Petite cause, grands effets : alors que les marins refusent de consommer de la viande avariée – on y voit des asticots – une partie d’entre eux est condamnée à être fusillés, pour l’exemple cela va de soi. Mais l’exécution n’a pas lieu et les marins sont sauvés. Jusqu’à ce qu’un haut gradé s’empare d’un fusil et tue le brave et vaillant Grigory Vakoulintchouk (Aleksandr Antonov) qui mena la révolte.
C’est pendant l’hommage rendu par la population d’Odessa à ce marin qu’ont lieu les exactions de l’armée tsariste sur les marches.
Voilà une soixantaine d’années (1958), ce film fut sélectionné parmi les 12 meilleurs films du monde. Certes, le montage est magnifique, mais je pense que beaucoup des jurés avaient oublié (voire ne connaissaient pas) le film précédent d’Eisenstein dont j’ai déjà parlé ici.
En effet, alors qu’il avait réussi un premier long métrage formidable, donnant une dimension universelle à son propos, j’ai l’impression que traiter un sujet historique a bridé le grand Sergueï, empesant son film malgré la séquence choc des escaliers.

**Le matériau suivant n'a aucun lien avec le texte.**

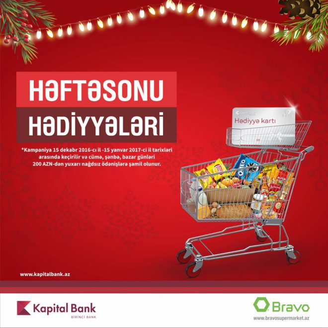 Kapital Bank ölkədə nağdsız ödənişləri stimullaşdırmaq məqsədilə Bravo marketi ilə yeni aksiya keçirir. Şərtlərə görə Gənclik Mall ticarət və əyləncə mərkəzinin 1-ci mərtəbəsində fəaliyyət göstərən marketdə 200 AZN və daha çox məbləğdə alış-verişi istənilən kartla nağdsız şəkildə ödədikdə, 20 AZN-lik hədiyyə kuponu təqdim ediləcək.

Pourtant, on retrouve ici toute sa science du montage et sa direction de la foule, deux composantes indissociables de son cinéma. De plus, la photo d’Edouard Tissé propose de très beaux plans des individus qui composent cette foule en mouvement, accentuant les différents éléments tragiques de l’intrigue : des gros plans de visage dont celui de la femme touchée par une balle restent inoubliables. Eisenstein, encore une fois, réussit à doser la proportion collective et individuelle de son scénario – Vakoulintchouk, véritable leader bolchévik opposé à la foule innombrable qui vient se recueillir devant le corps de ce dernier – confirmant définitivement que la seule star de ses films – de cette époque – c’est bien la foule, ce peuple qui a porté les communistes au pouvoir. Et Eisenstein lui rendra à nouveau hommage dans son film suivant : Octobre.

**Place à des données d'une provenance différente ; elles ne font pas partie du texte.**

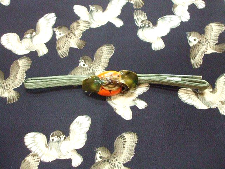 ・群れ雀の図 染名古屋帯 54600円・柿帯留め 陶器 18900円

Il est clair que Le Cuirassé Potemkine est un film inoubliable, mais je trouve tout de même sa réputation un tantinet surfaite. En effet, son film précédent avait les mêmes qualités que celui-ci pais avec un élément universel flagrant. Ici, nous sommes prisonniers du temps et si les récriminations de Vakoulintchouk et des autres marins sont bien entendues dans la droite ligne de l’idéologie dominante en URSS en 1925, l’aspect daté freine le souffle épique qu’on ne trouve vraiment que pendant la grande scène (1). Et même la photo de Tissé (et Popov) n’empêche pas un dose d’ennui devant cette intrigue propagandiste.

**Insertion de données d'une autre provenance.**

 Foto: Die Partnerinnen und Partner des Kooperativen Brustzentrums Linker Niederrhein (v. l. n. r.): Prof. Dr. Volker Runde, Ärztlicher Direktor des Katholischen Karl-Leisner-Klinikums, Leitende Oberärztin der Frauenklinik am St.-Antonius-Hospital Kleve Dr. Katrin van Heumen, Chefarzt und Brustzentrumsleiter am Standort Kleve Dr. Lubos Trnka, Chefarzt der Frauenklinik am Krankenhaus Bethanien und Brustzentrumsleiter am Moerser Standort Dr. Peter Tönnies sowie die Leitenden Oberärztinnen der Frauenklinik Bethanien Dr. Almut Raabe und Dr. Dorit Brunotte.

Mais surtout, Eisenstein qui s’est inspiré du récit de Nina Agdjanova-Choutko, arrête son intrigue à la réunion des vaisseaux tsaristes. Ce n’est pas une erreur historique, loin de là, mais il faut tout de même savoir que l’unité trouvée au final ne durera pas longtemps, et tout retournera comme avant : la révolution est pour 1917, pas avant !
Reste tout de même cette extraordinaire séquence de foule sur les marches d’Odessa avec les Cosaques qui descendent l’escalier en tirant pendant que la foule s’égaye au milieu des cadavres qui ne cessent de tomber, et surtout le landau qui dévale les marches pendant que le bébé pleure, avant de se renverser. La caméra est toujours au bon endroit et c’est absolument magnifique, mais c’est aussi une séquence d’une grande violence, atténuée par l’âge du film et le format en noir et blanc. Cette séquence rappelle une autre vérité historique : les soldats du tsar étaient des criminels endurcis qui étaient capable de tuer sans beaucoup d’hésitation pour faire régner l’ordre.
Près de 100 ans après, on remarque que cette violence se retrouve toujours dans les rues, en Russie comme ailleurs. (2)
Hélas.
- Toujours la même !
- L’actualité nous le montre trop souvent.